### RECORDS TO PROCESS

════════

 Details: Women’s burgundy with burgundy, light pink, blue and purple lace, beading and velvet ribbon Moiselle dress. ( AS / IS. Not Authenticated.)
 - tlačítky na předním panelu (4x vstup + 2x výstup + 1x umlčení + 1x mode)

════════

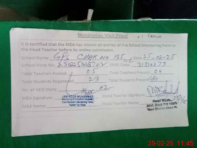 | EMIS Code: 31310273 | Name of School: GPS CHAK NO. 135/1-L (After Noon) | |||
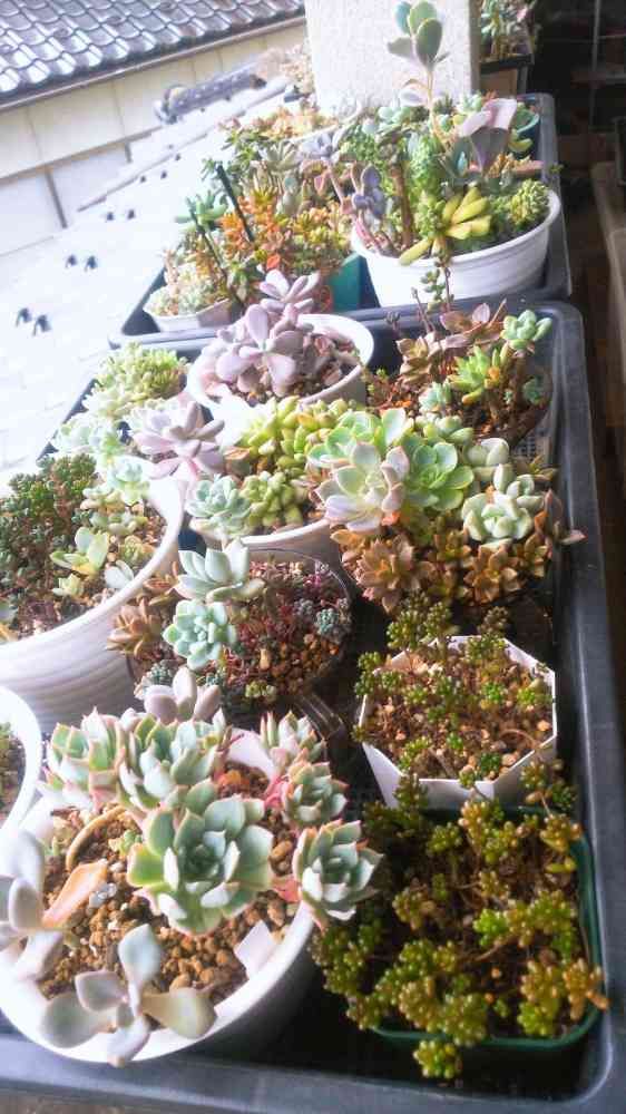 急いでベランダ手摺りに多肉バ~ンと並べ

════════

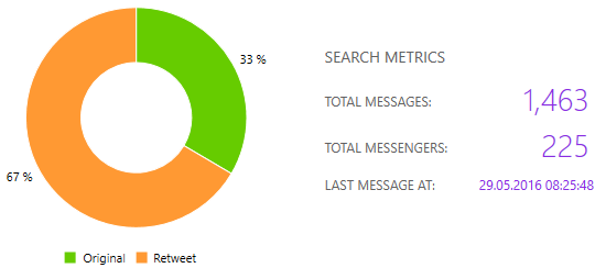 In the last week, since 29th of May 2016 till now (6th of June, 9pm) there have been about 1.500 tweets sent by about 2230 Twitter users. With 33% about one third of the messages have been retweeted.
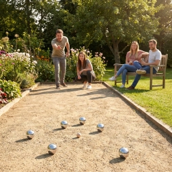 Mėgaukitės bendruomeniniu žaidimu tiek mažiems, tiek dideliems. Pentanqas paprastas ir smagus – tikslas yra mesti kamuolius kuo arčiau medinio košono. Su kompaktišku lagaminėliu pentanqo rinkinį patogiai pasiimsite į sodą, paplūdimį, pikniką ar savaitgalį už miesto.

════════

### TASK BRIEF
In the data above, which lines lie between the line with "Details: Women’s burgundy" and the line with "- tlačítky na", inclusive? Print those lines exactly and nothing else.

### TASK RESPONSE
 Details: Women’s burgundy with burgundy, light pink, blue and purple lace, beading and velvet ribbon Moiselle dress. ( AS / IS. Not Authenticated.)
 - tlačítky na předním panelu (4x vstup + 2x výstup + 1x umlčení + 1x mode)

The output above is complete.